Weird nearby gamma-ray burst defies expectations

An artist's depiction of a gamma-ray burst's relativistic jet full of very-high-energy photons breaking out of a collapsing star.
An artist's depiction of a gamma-ray burst's relativistic jet full of very-high-energy photons breaking out of a collapsing star. (Image credit: DESY, Science Communication Lab)

A team of scientists has gotten their best look yet at a gamma-ray burst, the most dramatic type of explosion in the universe.

Astronomers think some of these explosions occur when a massive star — five or 10 times the mass of our sun — detonates, abruptly becoming a black hole. Gamma-ray bursts may also occur when two superdense stellar corpses called neutron stars collide, often forming a black hole. And conveniently, a gamma-ray burst that scientists watched during a few nights in 2019 likely occurred only about 1 billion light-years away from Earth, relatively close by for these dramatic events.

"We were really sitting in the front row when this gamma-ray burst happened," Andrew Taylor, a physicist at the Deutsches Elektronen-Synchrotron (German Electron Synchrotron, or DESY) and co-author on the new paper, said in a statement. "We could observe the afterglow for several days and to unprecedented gamma-ray energies."

Related: Record breaking gamma-ray burst captured by Fermi

Two NASA space-based observatories, Fermi and Swift, first detected the event, which is known as GRB 190829A because it was detected on Aug. 29, 2019. The fireworks came from the direction of the constellation Eridanus, a large swath of sky in the Southern Hemisphere.

When the scientists behind the new research heard about the gamma-ray burst detection, they mobilized a set of five gamma-ray telescopes in Namibia, called the High Energy Stereoscopic System (HESS). Over three nights, the telescopes observed the explosion for a total of 13 hours, in an attempt to understand what took place.

An artist's depiction of very-high-energy photons from a gamma-ray burst entering Earth's atmosphere and being detected by the High Energy Stereoscopic System in Namibia.  (Image credit: DESY, Science Communication Lab)

With those observations, the scientists could analyze much higher-energy photons than is possible in more distant gamma-ray bursts.

"This is what's so exceptional about this gamma-ray burst," Edna Ruiz-Velasco, an astrophysicist at the Max Planck Institute for Nuclear Physics in Heidelberg and co-author on the new research, said in the same statement. "It happened in our cosmic backyard, where the very-high-energy photons were not absorbed in collisions with background light on their way to Earth, as happens over larger distances in the cosmos."

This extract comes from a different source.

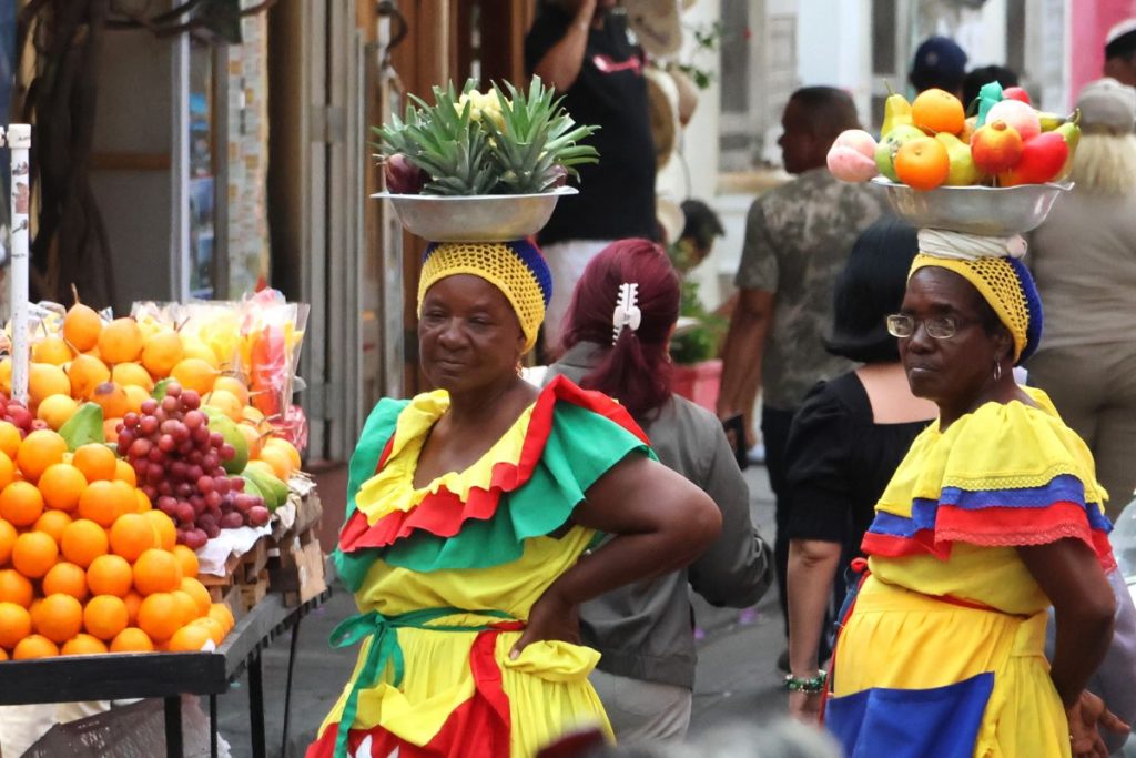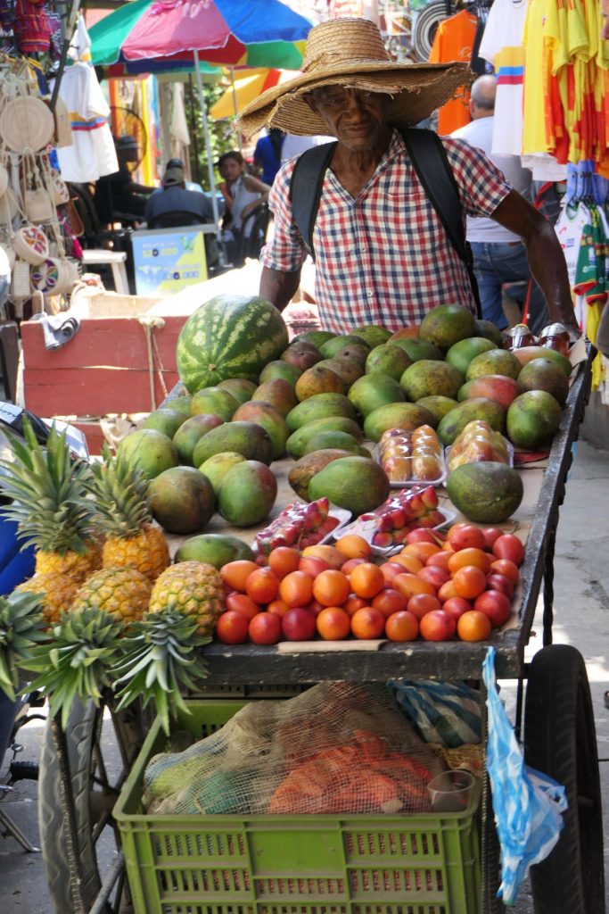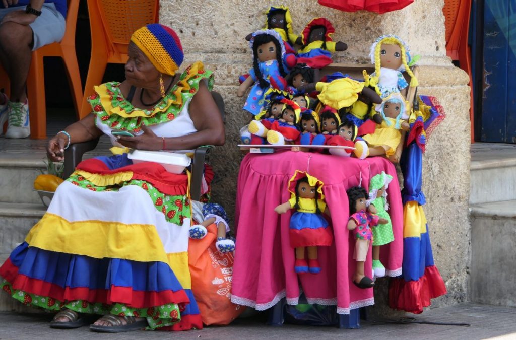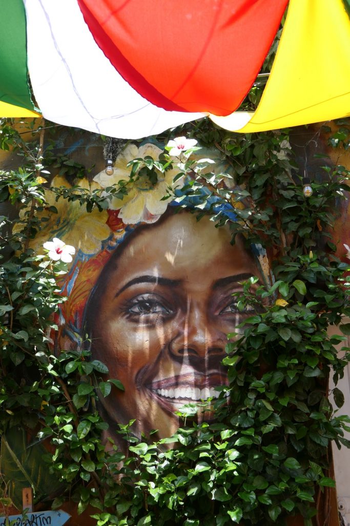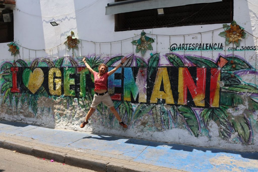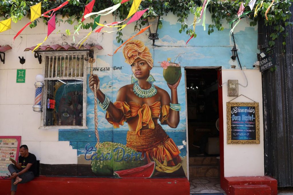 Wir schlendern mehrmals durch Getsemani, denn dieser Stadtbezirk hat seinen besonderen Reiz. Hier lebten während der spanischen Kolonialzeit Bedienstete der Oberschicht sowie freigelassene Sklaven. Es entwickelte sich zu einem multiethnischen Viertel und hat seinen Flair behalten. In jeder Richtung können wir etwas entdecken und vor allem die Farben knallen uns entgegen. Farbenfreude an jeder Ecke, Musik, Obststände und allerlei Artesanias (Handwerkskunst) säumen die Gassen. Es gefällt uns hier und die Murals leisten ihren Beitrag dazu. Die Ostverkäuferinnen (Palenqueras) in ihren bunten Gewändern tragen die Obstschalen nur wegen den Touristen auf dem Kopf. Ein gemeinsames Foto gibt es nur für Bares.

An artist's depiction of NASA's Swift satellite detecting X-rays from a gamma-ray burst.  (Image credit: DESY, Science Communication Lab)

During those analyses, the team noticed that the patterns of X-rays and very high-energy gamma-rays matched — something scientists wouldn't expect, since they believe different phenomena cause the two different types of radiation.

But so far, scientists have only observed four of these bright explosions from the surface of Earth, so they're hoping that new instruments and additional observations give them more insight into the details of gamma-ray bursts.

The research is described in a paper published June 3 in the journal Science.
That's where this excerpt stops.